* **WHAT TO DO**: Quote the listing below in full and exactly as written, but omit every picture.

* **EXERCISE DATA**:
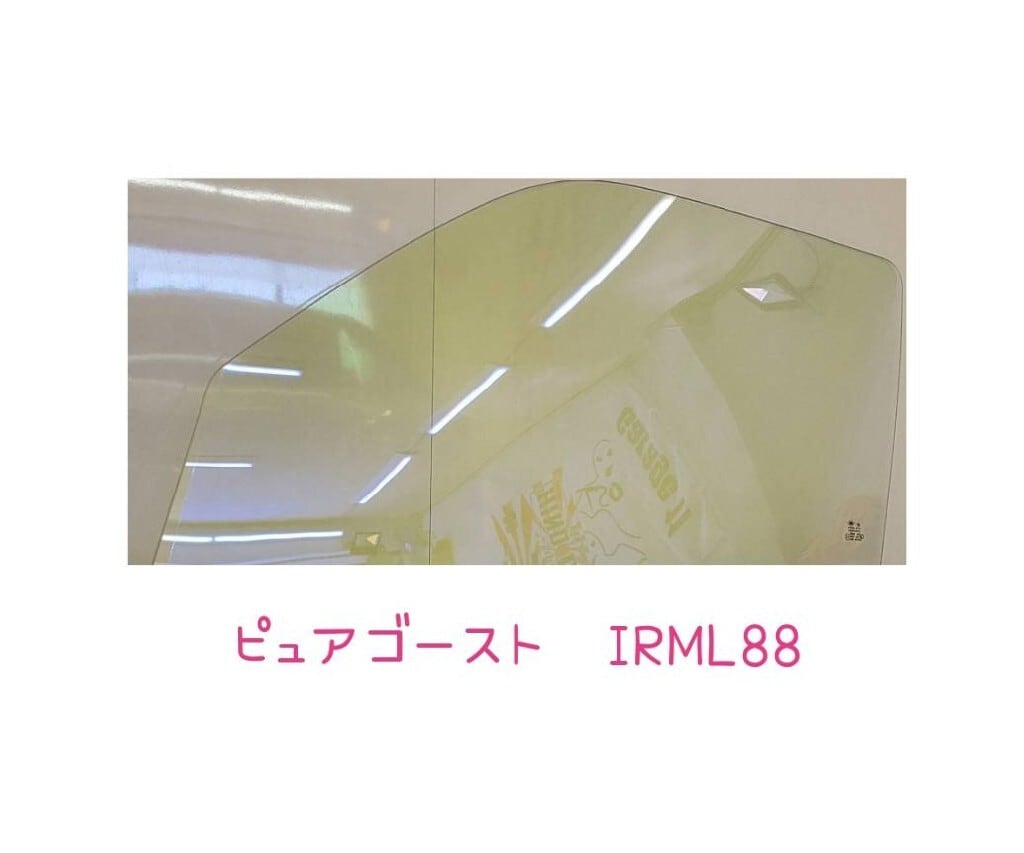 ハイエース・レジアスエース用の200系クリアガラス「ピュアガラス90」に、ピュアゴーストIRML88のフィルムを施工した運転席・助手席のガラスになります。
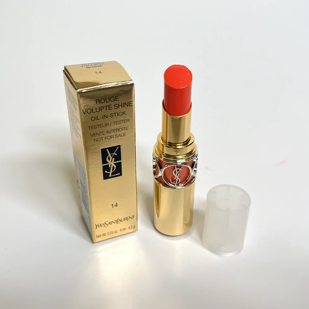This eBay listing is for 1 YSL Rouge Volupté Shine (RVS) Oil-In-Stick lipstick, a brand new tester w/ plastic cap and no box. These have never been sampled or used. This lipstick has a unique formula that locks in moisture for up to 8 hours! Don’t get just one! I have them for very cheap because they all come with plastic caps and no boxes. Many great shades to choose from! PLEASE PICK YOUR SHADES FROM THE DROPDOWN MENU: #4 - Rouge Ballet #5 - Fuchsia Chiffon #14 - Corail Marrakech #15 - Corail Spontini #16 - Orange Majorelle #43 - Rose Rive Gauche #45 - Rouge Tuxedo #79 - Coral Plume #80 - Chili Tunique #81 - Coral Aviator #82 - Orange Crêpe #83 - Rouge Cape #84 - Red Cassandre #85 - Burgundy Love #87 - Rose Afrique #88 - Rose Nu #90 - Plum Tunique #131 - Chili Morocco Thank you so much!
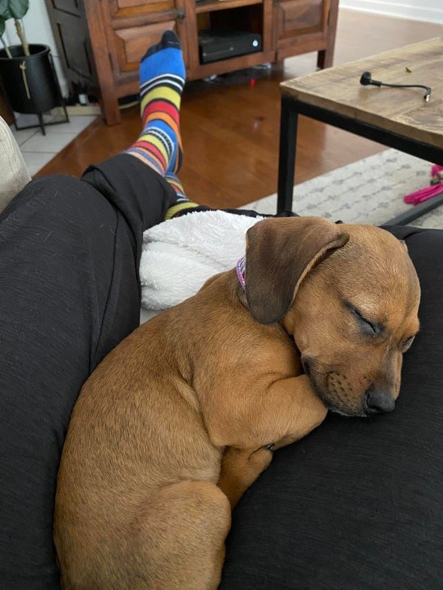 Собачку Мочи забрали с улицы домой. Вчера она впервые заснула в тепле.

* **EXERCISE OUTPUT**:
 ハイエース・レジアスエース用の200系クリアガラス「ピュアガラス90」に、ピュアゴーストIRML88のフィルムを施工した運転席・助手席のガラスになります。
This eBay listing is for 1 YSL Rouge Volupté Shine (RVS) Oil-In-Stick lipstick, a brand new tester w/ plastic cap and no box. These have never been sampled or used. This lipstick has a unique formula that locks in moisture for up to 8 hours! Don’t get just one! I have them for very cheap because they all come with plastic caps and no boxes. Many great shades to choose from! PLEASE PICK YOUR SHADES FROM THE DROPDOWN MENU: #4 - Rouge Ballet #5 - Fuchsia Chiffon #14 - Corail Marrakech #15 - Corail Spontini #16 - Orange Majorelle #43 - Rose Rive Gauche #45 - Rouge Tuxedo #79 - Coral Plume #80 - Chili Tunique #81 - Coral Aviator #82 - Orange Crêpe #83 - Rouge Cape #84 - Red Cassandre #85 - Burgundy Love #87 - Rose Afrique #88 - Rose Nu #90 - Plum Tunique #131 - Chili Morocco Thank you so much!
 Собачку Мочи забрали с улицы домой. Вчера она впервые заснула в тепле.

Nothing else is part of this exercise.